Source Connector for Hive¶

This guide describes how to configure digna to connect to Hive using either the native Python connector or the ODBC driver.

It refers to the screen "Create a Database Connection".

Create a database connection

Native Python Driver¶

Library: PyHive
Supported Authentication: Password-based authentication only

⚠️ For other authentication methods, please use the ODBC driver.

digna Configuration (Native Driver)¶

Provide the following information in the "Create a Database Connection" screen:

Name:               Name of the connection. This is used for referencing the connection in other screens.
Technology:         Apache Hive
Host Address:       Server name or IP address
Host Port:          Port number, e.g. 10000
Database Name:      Schema that contains the source data
User Name:          Database user name
User Password:      Password for the user
Profiling Mode:     The profiling mode determines how digna processes data and calculates metrics:
                    - Standard: Metrics are calculated directly on the source tables without copying the data.
                    - Permanent: Data for the inspected day is copied into a permanent table, and metrics are calculated on the copied data.
                    - Session: Data is copied into a session or temporary table, and metrics are calculated on this temporary data.
Work Schema Name:   When using "Permanent" profiling mode, work tables will be placed in this schema.
Use ODBC:           Disabled (default)

ODBC Driver¶

The ODBC driver may support a broader range of authentication and connectivity options. This section focuses on password-based authentication using the driver Cloudera ODBC Driver for Apache Hive.

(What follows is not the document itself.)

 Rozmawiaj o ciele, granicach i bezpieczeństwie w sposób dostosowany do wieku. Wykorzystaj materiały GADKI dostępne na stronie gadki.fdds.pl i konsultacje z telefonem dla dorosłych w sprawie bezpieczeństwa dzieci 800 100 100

1. Install the ODBC Driver¶

Install the Cloudera ODBC Driver for Apache Hive (or similar) by following the vendor’s official installation guide.

2. Configure the ODBC Data Source¶

Follow these steps to configure a new ODBC data source using password-based authentication:

Step 1¶

Step 1

Step 2 – Test the connection¶

Provide the password and click Test button.

Step 2

After a successful test, click the OK button.

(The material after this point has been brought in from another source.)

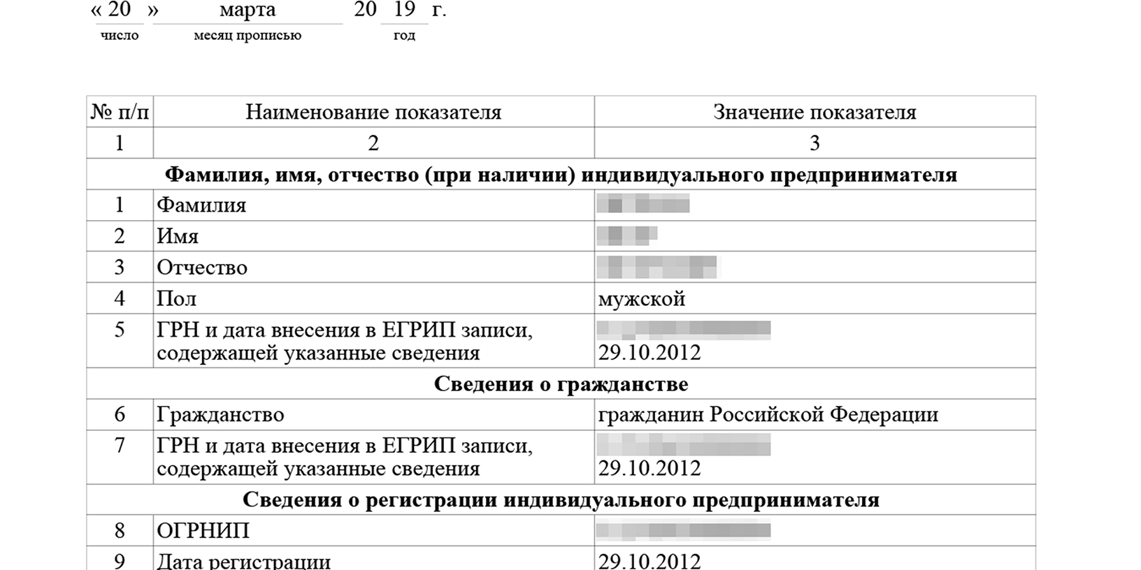 - Дата регистрации лица в качестве индивидуального предпринимателя;

Now you can configure digna to use the ODBC connection, either with a DSN (Data Source Name) or a DSN-less setup.

A. DSN-Based Configuration¶

digna Configuration¶

In the "Create a Database Connection" screen, provide the following:

Name:               Name of the connection. This is used for referencing the connection in other screens.
Technology:         Apache Hive
Database Name:      Schema that contains the source data
Profiling Mode:     The profiling mode determines how digna processes data and calculates metrics:
                    - Standard: Metrics are calculated directly on the source tables without copying the data.
                    - Permanent: Data for the inspected day is copied into a permanent table, and metrics are calculated on the copied data.
                    - Session: Data is copied into a session or temporary table, and metrics are calculated on this temporary data.
Work Schema Name:   When using "Permanent" profiling mode, work tables will be placed in this schema.
Use ODBC:           Enabled

ODBC Properties¶

name: "DSN",            value: "*digna*data_hdp"
name: "PWD",            value: "{your password in curly braces}"

🔹 The DSN must match the name defined in your ODBC driver configuration.

B. DSN-less Configuration¶

digna Configuration¶

In the "Create a Database Connection" screen, provide the following:

Name:               Name of the connection. This is used for referencing the connection in other screens.
Technology:         Apache Hive
Database Name:      Schema that contains the source data
Profiling Mode:     The profiling mode determines how digna processes data and calculates metrics:
                    - Standard: Metrics are calculated directly on the source tables without copying the data.
                    - Permanent: Data for the inspected day is copied into a permanent table, and metrics are calculated on the copied data.
                    - Session: Data is copied into a session or temporary table, and metrics are calculated on this temporary data.
Work Schema Name:   When using "Permanent" profiling mode, work tables will be placed in this schema.
Use ODBC:           Enabled

ODBC Properties¶

name: "DRIVER",     value: "Cloudera ODBC Driver for Apache Hive"
name: "HOST",       value: "your server name or IP address"
name: "PORT",       value: "Port number, e.g. 10000"
name: "Schema",     value: "Schema that contains the source data"
name: "UID",        value: "your hive user'
name: "PWD",        value: "your hive password"
name: "AuthMech",   value: "3"